Time flies...it’s beautiful, it sucks
- John DeSantis
- Feb 20, 2020
- 2 min read
Updated: Feb 25, 2020
We live in a digital age where families and their every activity, vacation, event, outfit, band aid, haircut, dump, and opinion among many other things are plastered on virtual walls. We get those little notifications of what we were doing on this day last year, or 3 years ago, or if we’re feeling especially self-loathsome, 7 or 8 years ago. Take photos of your kids, print them out, make a book of them, it’s fairly cheap and easy to do online and many places can even have it ready for you same or next day. Keep these things close, out in the living space, and show them your kids (if they’re at an age they won’t tear the thing to shreds like a raccoon on food scraps in a dumpster outside of Taco Bell).
Some days it’s easy to yell, to lose patience, to get annoyed, to hide in the bathroom and try to convince your wife what you did really took 30 minutes.

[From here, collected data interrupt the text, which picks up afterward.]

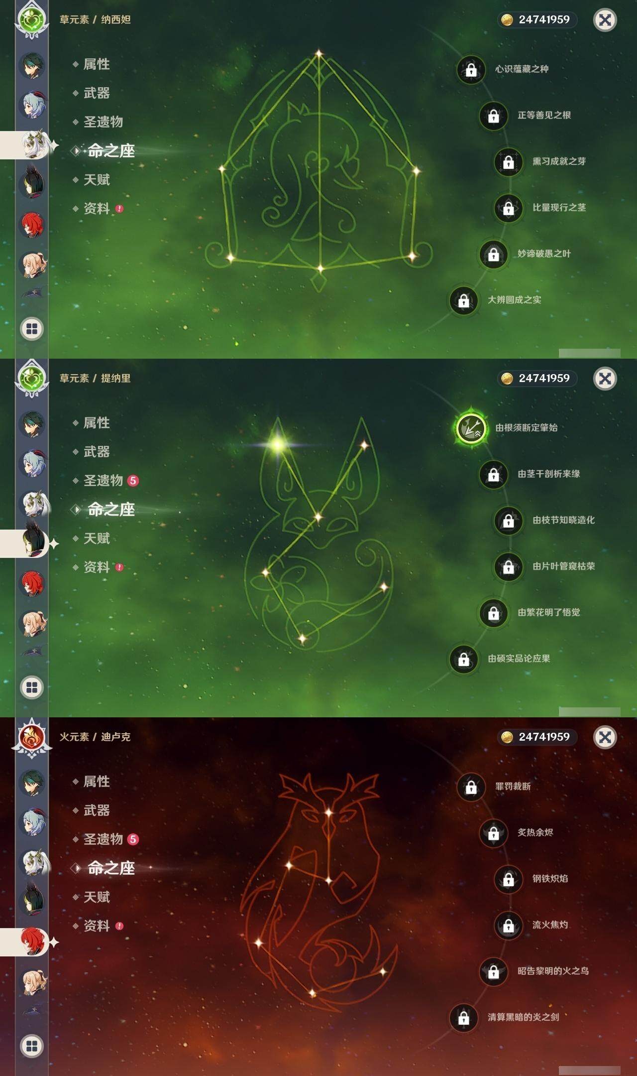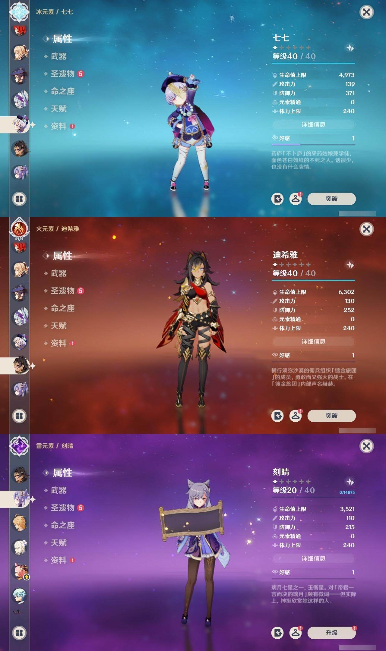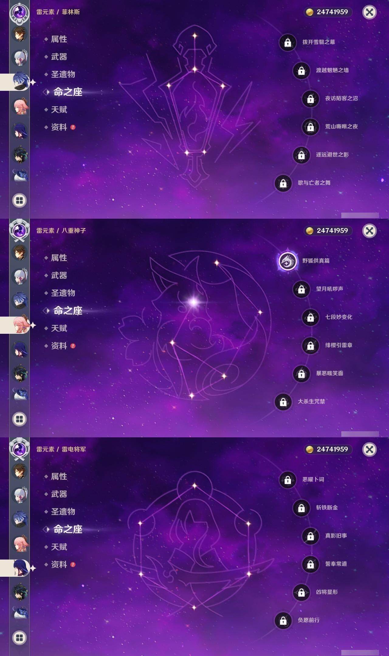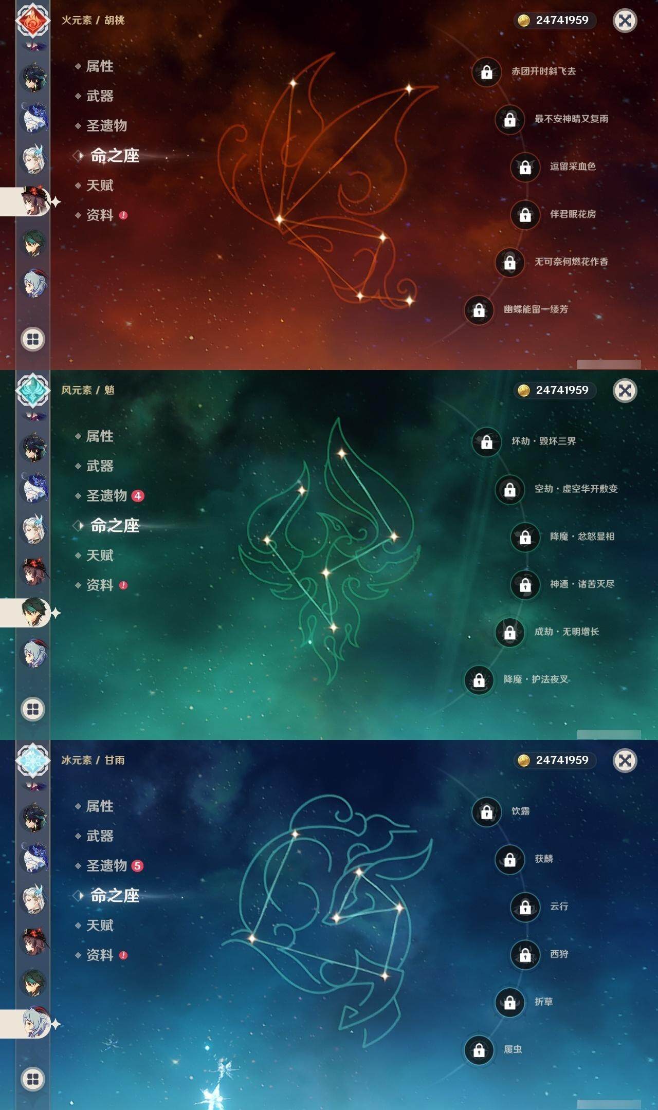 [14304459]59级/48黄/男主/24个五星角色/11个五星武器 0命阿蕾奇诺0命芙宁娜0命那维莱特1命迪希雅0命纳西妲1命提纳里0命夜兰1命八重神子0命雷电将军0命枫原万叶0命神里绫华0命钟离0命胡桃0命甘雨0命魈0命刻晴3命七七4命琴2命莫娜0命迪卢克0命基尼奇0命茜特菈莉0命梦见月瑞希0命菲林斯精1赦罪精1赤月之形精1金流监督精1圣显之钥精1神乐之真意精1薙草之稻光精1苍古自由之誓精2磐岩结绿精1四风原典精1天空之刃精1风鹰剑
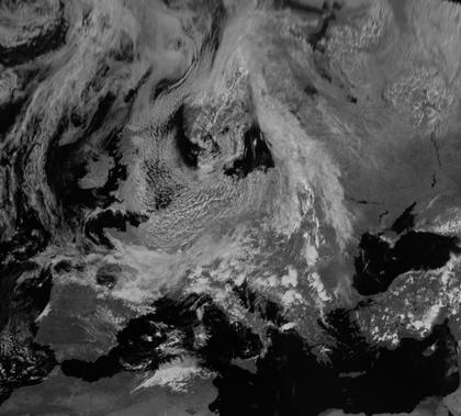 Tief 'Friederike' mit Zentrum über Dänemark sorgt für teils dichte Wolken in Mitteleuropa. Osteuropa ist unter Hochdruckeinfluss wolkenarm.
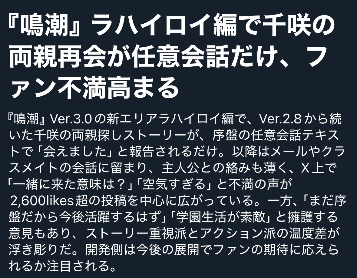 | … | 4626/01/29(木)12:12:43No.1396892873+潮はプレイヤーのネット上での活動だけは滅茶苦茶頑張ってるから… |
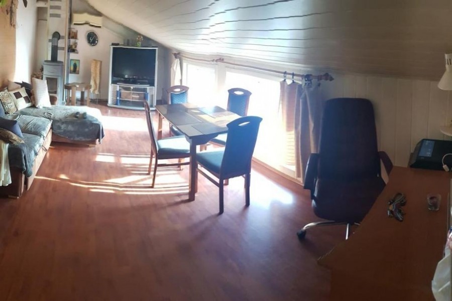 Stan je nalazi u potkrovlju zgrade, prostran, s dobrom toplinksom izolacijom , nedavno renoviran. Sastoi se od dnevnog boravka, kuhinje, 4 spvaće sobe, kupaone, balkona s iznimnim pogledom na more. Laminati i očuvane, nove pločice čine ugodan i topao pod, a novo izrađena fasada i PVC prozori osiguravaju kvalitetnu toplinsku izolaciju, a brodski pod na stropu i obloge od dvrenih panela doprinose kombinaciji vizualno rustikalnog, ali uporabno i praktično modernog prostora za život. Uz stan dolazi i prizemni pomoćni objekt: konoba, od 45.00 m2, legalizirana, sa kamenim škriljama na unutrašnjosti zida, bojlerom, kompletnim sanitarnim čvorom te klimom za grijanje. Ispred konobe je i natkriven prostor za vrtnu garnituru, te je u konobi struja potpuno sprovedena (postoji razvodna kutija). Ne propustite pogledati.
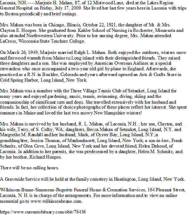 Died: July 17, 2009 in Lakes Region General Hospital, Laconia Belknap County, New Hampshire.
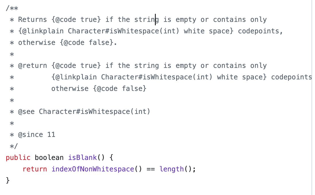 백그라운드에서 `isBlanck()`메서드는 첫 번째 비공백 문자의 인덱스를 검색한다.
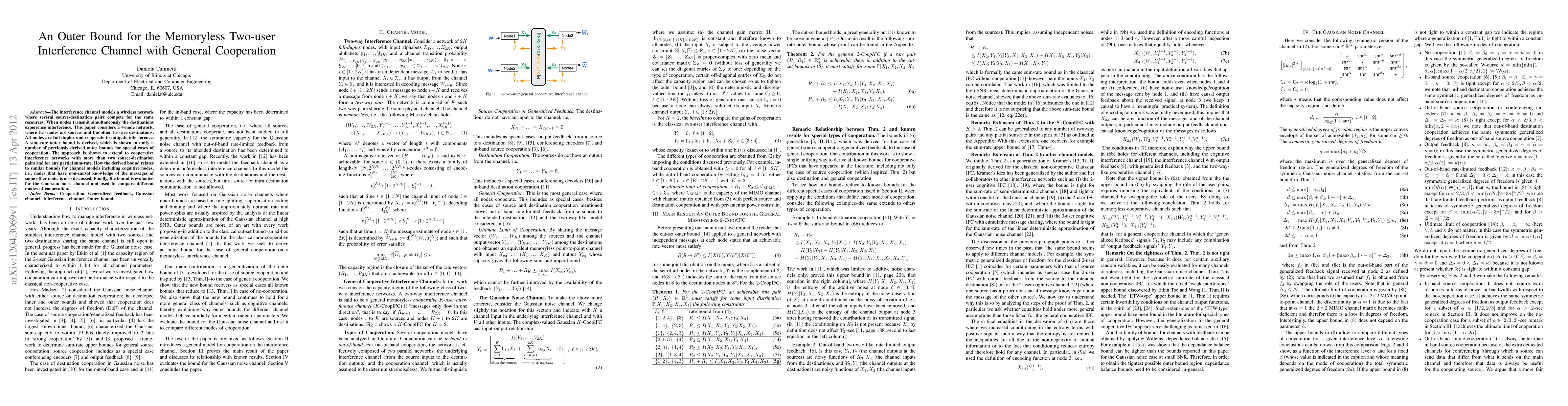 Researchers derived a general outer bound for the memoryless two-user interference channel with cooperation in a 4-node network, unifying previously derived bounds for special cases. The approach can be extended to networks with more than two pairs and partial sum-rates.
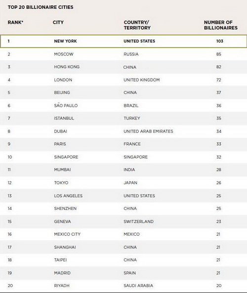 En deuxième position on retrouve Beijing, avec 37 milliardaires combinant un total de biens de 98 milliards de dollars. Plut?t autodidactes et un age moyen de 51 ans, ils ont également plus d’opportunités et de temps pour aider à générer de grosses fortunes.
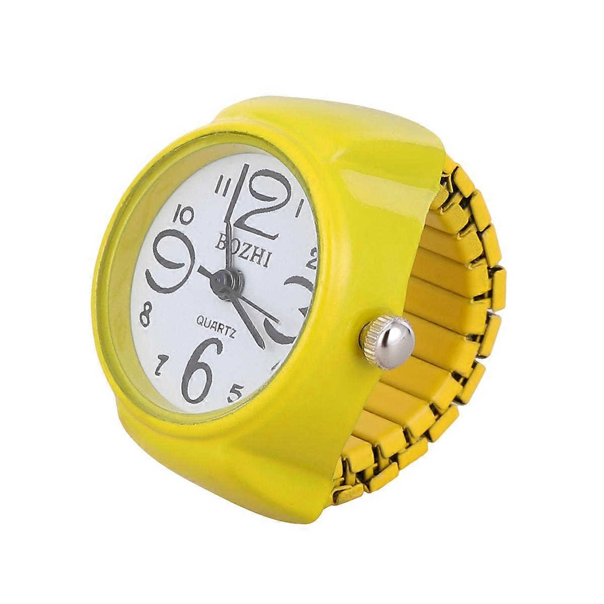 1Pc Personality Unisex Watch Shaped Finger Ring Fashion Exquisite Quartz Watch Ring (Yellow)
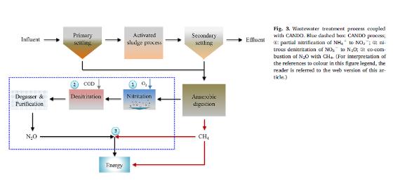 N2O是各種廢水生物脫氮過程中產(chǎn)生的副產(chǎn)物,也是一種極強(qiáng)的溫室氣體,造成了嚴(yán)重的環(huán)境風(fēng)險(xiǎn)。事實(shí)上,城市污水中N2O的可回收能量與一般的廠內(nèi)能耗(0.26~0.67 kWh/m3)相比幾乎微不足道。近年來,人們?cè)絹碓礁信d趣的是從廢水中回收N2O作為一種強(qiáng)大的燃料氧化劑。在這種情況下開發(fā)了好氧-缺氧-氮分解操作(CANDO)工藝,從厭氧消化液中回收N2O。基本上,CANDO過程包括三個(gè)操作步驟:(i)NH4+部分硝化為NO2-;(ii)NO2-部分反硝化為N2O,以及(iii)N2O與CH4共燃以回收能量。除了已經(jīng)確立的步驟3之外,實(shí)際上步驟1和2在大規(guī)模上仍然具有高度的挑戰(zhàn)性。因此,與傳統(tǒng)的生物脫氮工藝相比,CANDO工藝中生物脫氮的整體性能可能會(huì)受到影響。

Have those photos handy as a reminder. Look at how fast these kids have grown since that moment, and once you get over the sadness of life zooming by at light speed be happy knowing that it’s moving so quickly because this really is a journey like no other that is indescribable, with highs and lows you could never imagine. Be grateful you’re there in that moment and able to realize it. And if it took some time to realize it or if your kids are older and you feel like you didn’t realize it, be grateful you’re seeing it now.
These moments won’t happen again, your child’s face won’t be that small again, there will come a night where they don’t need you to sit in their room waiting for them to fall asleep because they’re scared of the shadows on the wall or their little brother kicking them in the face. One night you’ll wonder why they’re not crawling into your bed at 3am overtaking precious mattress real estate and much needed sleep. Then they won’t crawl into your bed again, because they’re growing, right before our eyes, with every passing minute of every day. They’re more hardened and ready for this world than the day before.
It sucks to be us, but it doesn’t, because it means we’re doing our job as parents. We’re getting them ready for a world at large in which we’ll play a smaller role for them. We’ll be lucky that they want us to play any role at all. Appreciating all the days and minor milestones, the ripples and the big waves that got us to that point will give you greater joy and appreciation in the present and little to regret in the future.